Exploratory data analysis (EDA) is the process of trying to understand what a dataset can tell us outside of a narrowly focused probability statement. It relies heavily on graphical devices and summary statistics. EDA is a very important aspect of data analysis and will contribute a large part of what we work on this semester.
It will take a few weeks before we have covered all of the core skills needed to do an exploratory analysis of a dataset. We’ll get there eventually, but I think it is useful to see at the start what exactly is involved in such an analysis. So, today, we will be looking at some online, interactive visualizations that we can explore without involving R or any data processing skills.
Types of data sets
When I talk about data I tend to think of a broader meaning to the term than some people might. Data can include such things as text:
And here, even one with sound:
Today the projects groups will look at will cover a similarly wide range of data set types.
Exploratory data analysis
What’s the point an exploratory, visual analysis? At a high level we are trying to understand something about the world around us. The EDA phase of analysis let’s us discover what the data at hand is specifically telling us and indicates directions for future studies.

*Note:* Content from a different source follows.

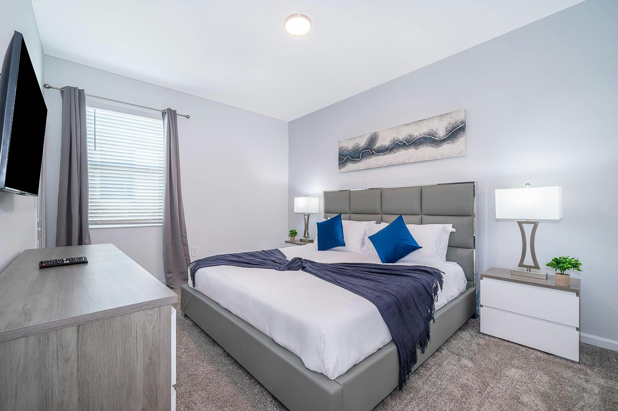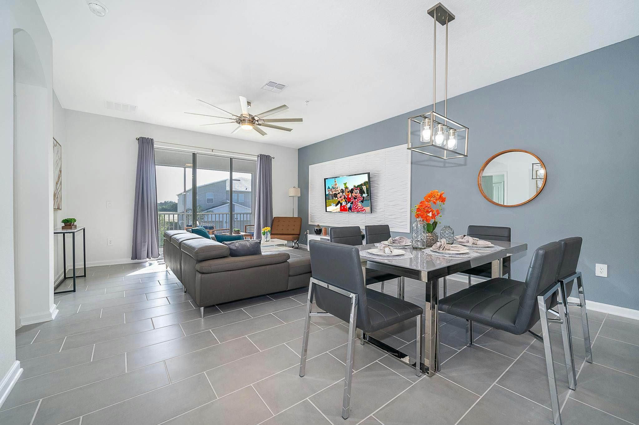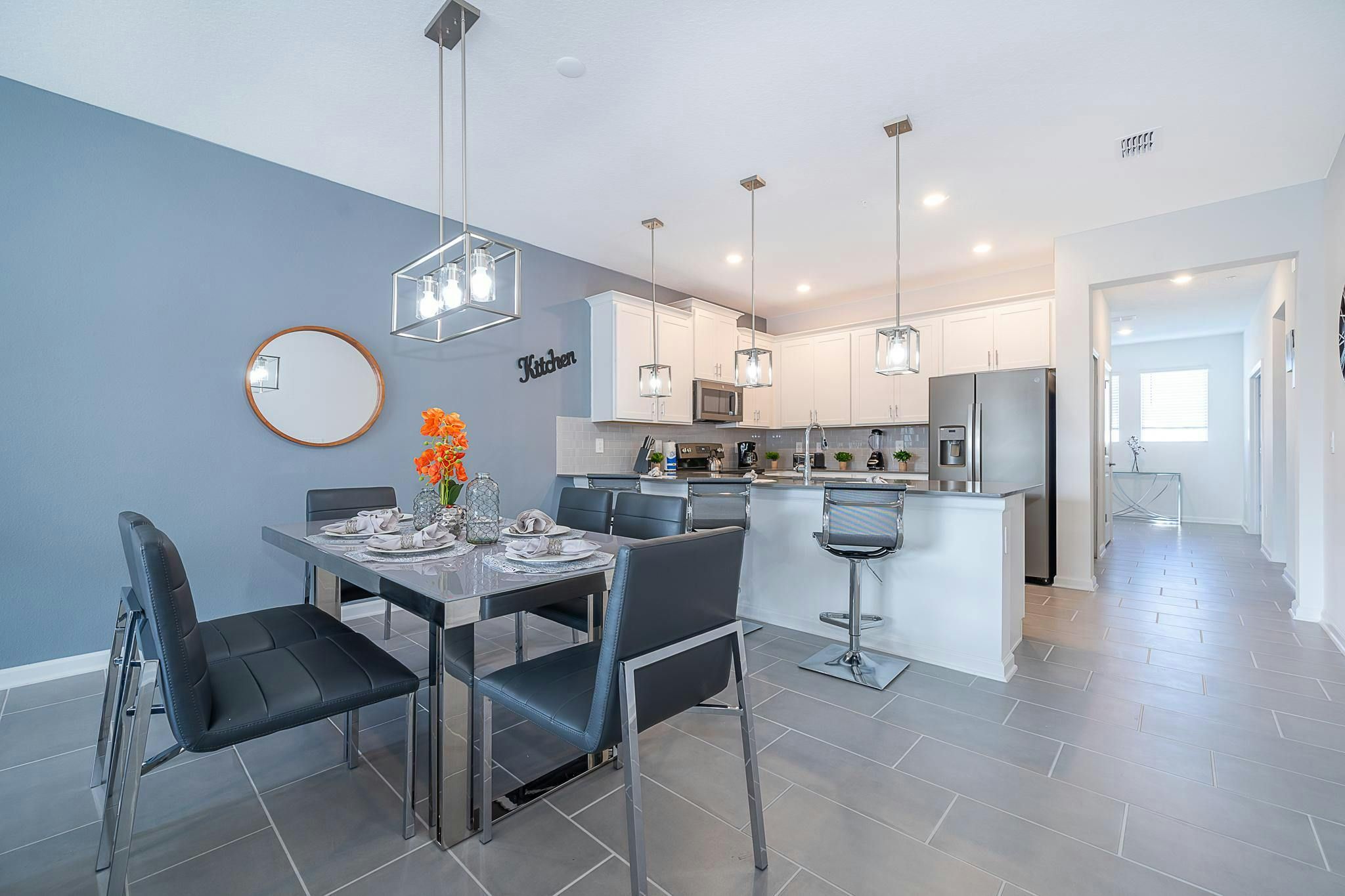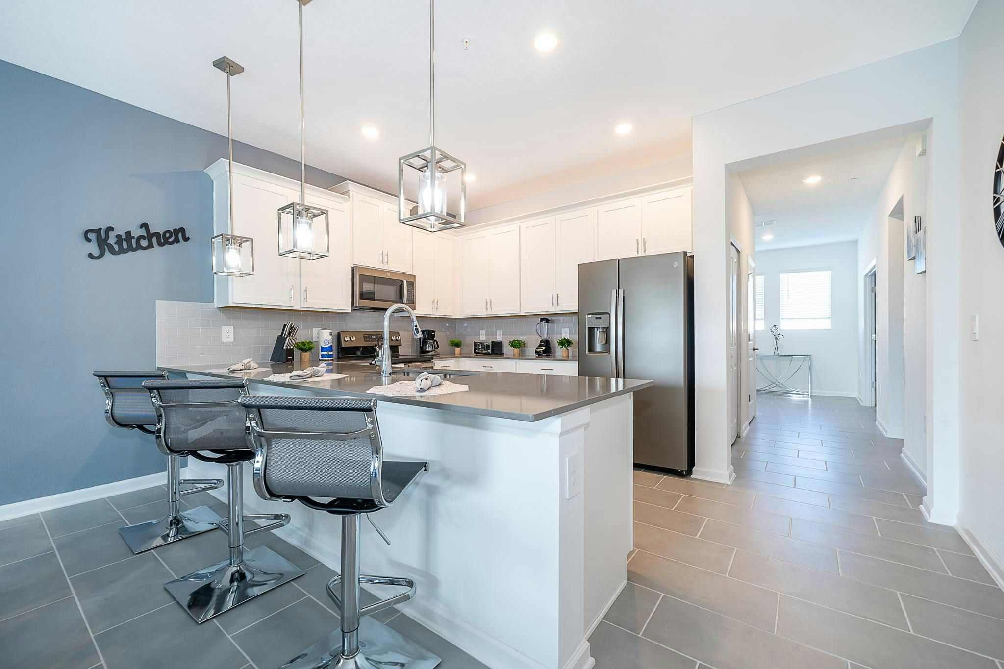 This stunning vacation rental condo is perfect for a family or group of friends. Located in the prestigious Champions Gate Resort, it boasts 3 beautiful bedrooms and 2 modern bathrooms. The bedrooms include a spacious on-suite King bedroom, another King bedroom, and a bedroom with two full size beds. The condo is situated on a golf course and also features a game room complete with a pool table. The resort is in close proximity to Disney, restaurants, and shopping centers. Guests can enjoy the amenities at the Clubhouse which includes 2 pools, a lazy river, restaurant, gym, and business center. This beautiful condo is also just steps away from golf courses and tennis courts.

Here is a project from the Digital Scholarship Lab (DSL) at the University of Richmond that does a great job of showing how visualizations can be powerful argumentative tools:
If you are not familiar with the DSL, I encourage you to check out their projects and visit the group’s space in the library. I plan to have someone from the DSL join us for a class later in the semester.
Modes of Analysis in EDA
Generally, when doing EDA we are looking at understanding patterns contained within the data. I tend see that interesting observations come in one of three forms:
- pattern description: an observation about a general pattern or trend found in the dataset
- anomaly detection: identification of data points that, in some way, seem to not follow the general pattern or otherwise behave in some extreme or anomalous way
- perspective: we have a special interest in a small set of data points (often just one) and are interested in how this point falls relative to the rest of the data; like anomaly detection, but we decide which points to care about ahead of the analysis
These do not function in a vacuum and good analyses will often pull from multiple types of observations.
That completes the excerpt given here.